Kafka

8/1/23About 2 min

Kafka

Apache Kafka is an open-source distributed event streaming platform used by thousands of companies for high-performance data pipelines, streaming analytics, data integration, and mission-critical applications. IoTDB can subscribe to Kafka data through a Kafka Consumer and write the data to IoTDB by using the Session API.

This document introduces a simple data ingestion flow: an application writes messages to a Kafka topic, the Kafka Consumer consumes the messages and parses them into IoTDB time series data, and then writes the data to IoTDB.

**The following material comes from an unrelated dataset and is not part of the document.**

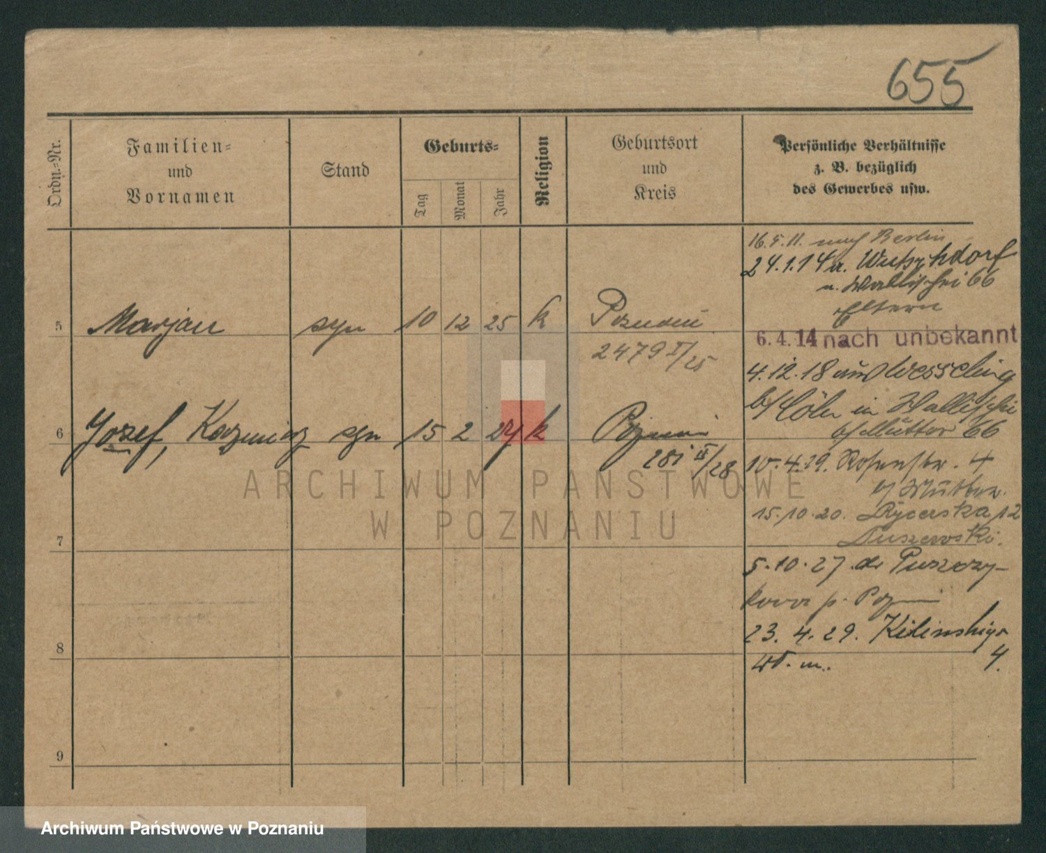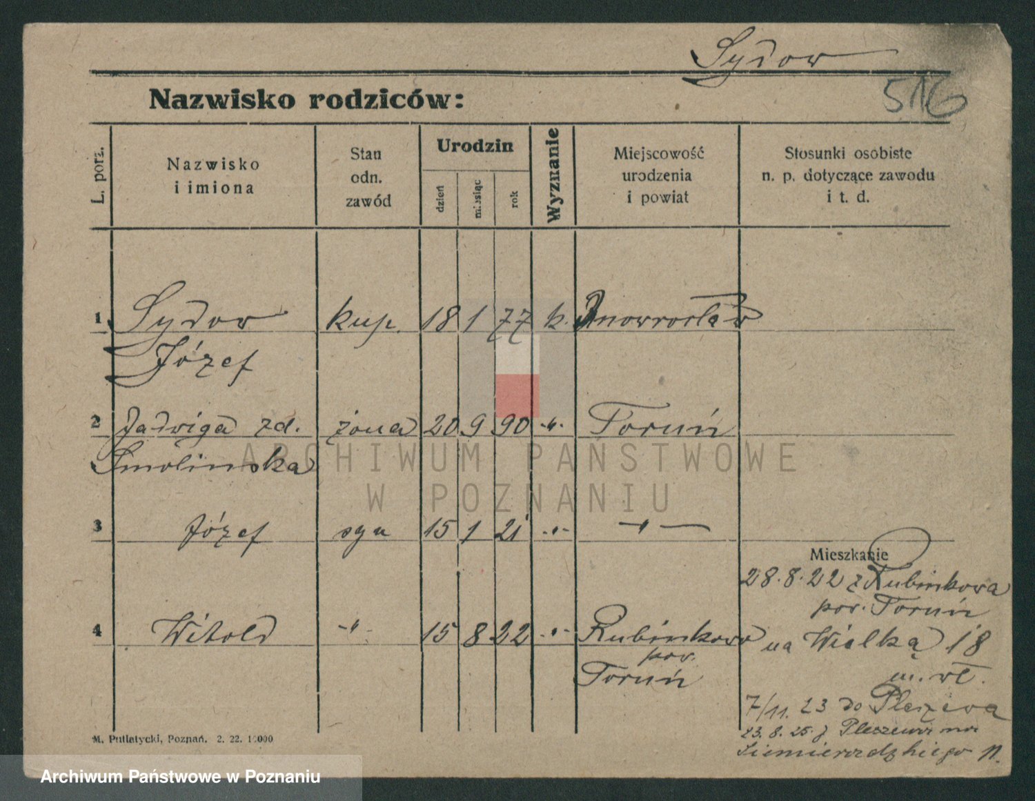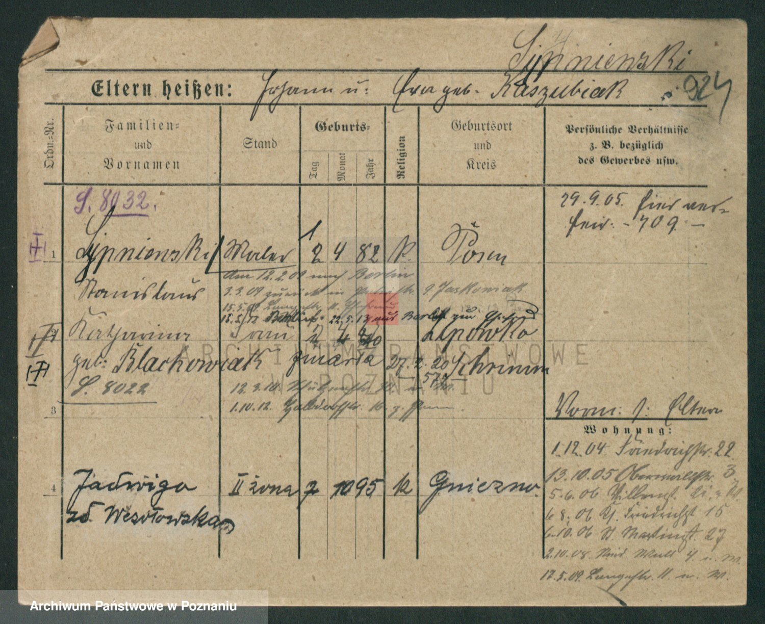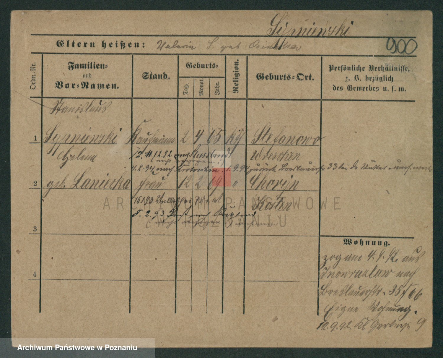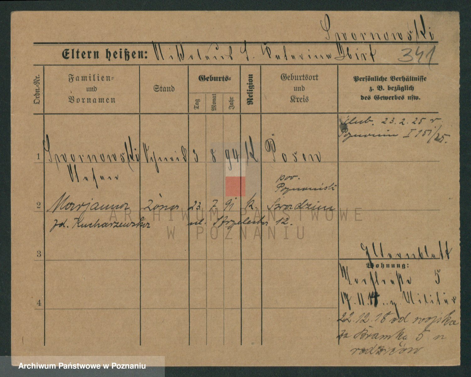 Podgląd karty osobowej dostępny jest po kliknięciu na nazwisko lub ikonkę karty. Można dokonywać powiększenia (ikony na górze) lub przechodzić między kolejnymi skanami (strzałki po bokach).

1. Environment Preparation

Before you start, make sure that the following environment is available:

JDK 8 or later
Maven 3.6 or later
Apache Kafka. For installation and startup, refer to the Kafka official documentation
An IoTDB service is running

The default addresses used in the following examples are:

Service	Address
Kafka	`127.0.0.1:9092`
IoTDB	`127.0.0.1:6667`
IoTDB username	`root`
IoTDB password	`root`

2. Add Dependencies

Add the Kafka and IoTDB Session dependencies to your Maven pom.xml. It is recommended that the IoTDB dependency version matches your deployed IoTDB version.

<dependencies>
    <dependency>
        <groupId>org.apache.iotdb</groupId>
        <artifactId>iotdb-session</artifactId>
        <version>2.0.4</version>
    </dependency>
    <dependency>
        <groupId>org.apache.kafka</groupId>
        <artifactId>kafka-clients</artifactId>
        <version>3.7.0</version>
    </dependency>
</dependencies>

For the complete example project, see iotdb-extras/examples/kafka.

3. Kafka Message Format

The sample program uses a string format to transfer one IoTDB data record:

device,timestamp,measurements,types,values

The fields are described as follows:

Field	Description	Example
`device`	IoTDB device path	`root.kafka.d0`
`timestamp`	Timestamp in milliseconds	`1716180000000`
`measurements`	Measurement names, separated by `:` when there are multiple values	`temperature:status`
`types`	Data types, separated by `:` when there are multiple values	`DOUBLE:BOOLEAN`
`values`	Data values, separated by `:` when there are multiple values	`36.5:true`

Single-measurement example:

root.kafka.d0,1716180000000,temperature,DOUBLE,36.5

Multiple-measurement example:

root.kafka.d0,1716180000000,temperature:status,DOUBLE:BOOLEAN,36.5:true

4. Produce Data to Kafka

The following code shows the key logic for writing one IoTDB data record to the Kafka-Test topic:

String value = "root.kafka.d0,"
    + System.currentTimeMillis()
    + ",temperature:status,DOUBLE:BOOLEAN,36.5:true";

producer.send(new ProducerRecord<>("Kafka-Test", "iotdb", value));

5. Consume Kafka Data and Write to IoTDB

After the Kafka Consumer reads a message from the topic, it parses the device, timestamp, measurements, types, and values, and writes the data to IoTDB through SessionPool.

String[] fields = record.value().split(",");
String device = fields[0];
long time = Long.parseLong(fields[1]);
List<String> measurements = Arrays.asList(fields[2].split(":"));

String[] typeNames = fields[3].split(":");
String[] valueTexts = fields[4].split(":");

List<TSDataType> types = new ArrayList<>();
List<Object> values = new ArrayList<>();

for (int i = 0; i < typeNames.length; i++) {
  TSDataType type = TSDataType.valueOf(typeNames[i]);
  types.add(type);

  switch (type) {
    case INT32:
      values.add(Integer.parseInt(valueTexts[i]));
      break;
    case INT64:
      values.add(Long.parseLong(valueTexts[i]));
      break;
    case FLOAT:
      values.add(Float.parseFloat(valueTexts[i]));
      break;
    case DOUBLE:
      values.add(Double.parseDouble(valueTexts[i]));
      break;
    case BOOLEAN:
      values.add(Boolean.parseBoolean(valueTexts[i]));
      break;
    case TEXT:
      values.add(valueTexts[i]);
      break;
    default:
      throw new IllegalArgumentException("Unsupported data type: " + type);
  }
}

pool.insertRecord(device, time, measurements, types, values);

The IoTDB SessionPool can be created as follows:

SessionPool pool = new SessionPool.Builder()
    .host("127.0.0.1")
    .port(6667)
    .user("root")
    .password("root")
    .maxSize(3)
    .build();

6. Query the Result

Connect to the IoTDB CLI:

./sbin/start-cli.sh -h 127.0.0.1 -p 6667 -u root -pw root

Run the query:

SELECT * FROM root.kafka.**;

The query result shows the time series data written by the Kafka Consumer, for example:

+-----------------------------+-------------------------+--------------------+
|                         Time|root.kafka.d0.temperature|root.kafka.d0.status|
+-----------------------------+-------------------------+--------------------+
|2024-05-20T10:00:00.000+08:00|                     36.5|                true|
+-----------------------------+-------------------------+--------------------+